Judge Aileen Cannon, sitting in the Southern District, is requiring Jack Smith, the special prosecutor hired by the Biden administration to investigate Trump, to explain why documents seized in a raid on the former president’s Mar-a-Lago residence are missing. Trump contends that as president, he has the right to possess the material which he says contains proof of Biden corruption.
Trump’s motions also seek documents from the White House that purportedly show the Smith prosecution is part of a criminal conspiracy by Biden to interfere with the November election. The special counsel has pushed to try the Florida case, as well as his case against Trump in Washington over allegations that he tried to reverse the results of the 2020 election, prior to the 2024 contest.
Democrat prosecutions in New York and Georgia have also devolved into political spectacles, with the judge in Manhattan, whose daughter is a major Democrat operative, issuing gag orders to prevent Trump from talking about the conflict, and the Atlanta prosecutor hiring her boyfriend to try the case. Trump motions to have the state attorney removed from the case are being heard by an appeals court. In all four legal attacks on the 45th President, his team has shown direct coordination between the prosecutors and the White House.

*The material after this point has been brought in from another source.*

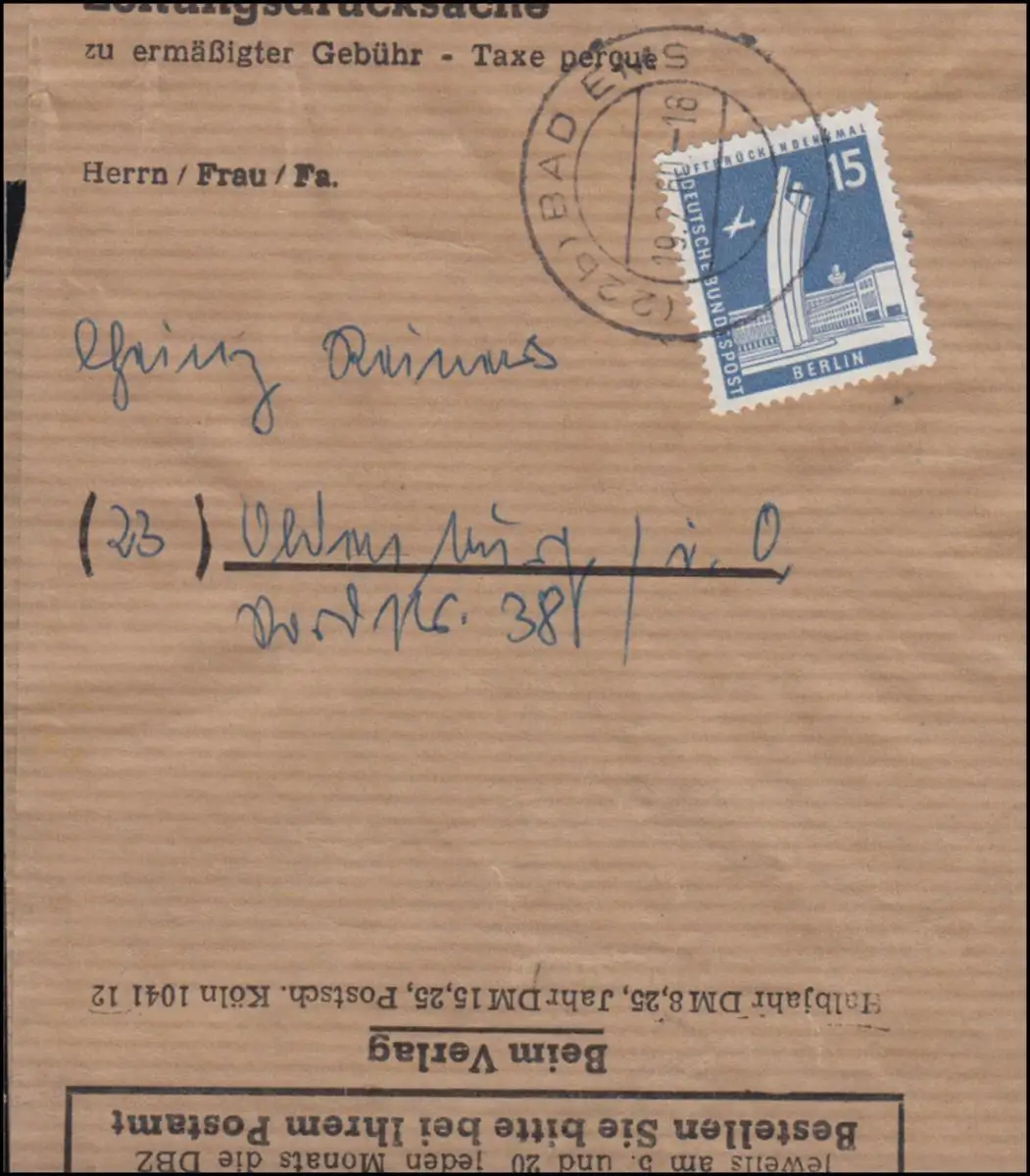 145 Berliner Stadtbilder EF sur Zeitungsschichtsbericht/ Streifband BAD EMS 19.2.60

A vetting of Trump’s eight motions in the Florida case likely will take at least until late July, according to Judge Cannon, who noted that the national security mishandling allegations in the case “present novel and difficult questions.” Also in July, the U.S. Supreme Court is expected to rule on whether Trump has immunity from prosecution for his official acts. He sees his questioning of Biden’s election as part of his role as president in a case that has vast ramifications for the future of the executive office.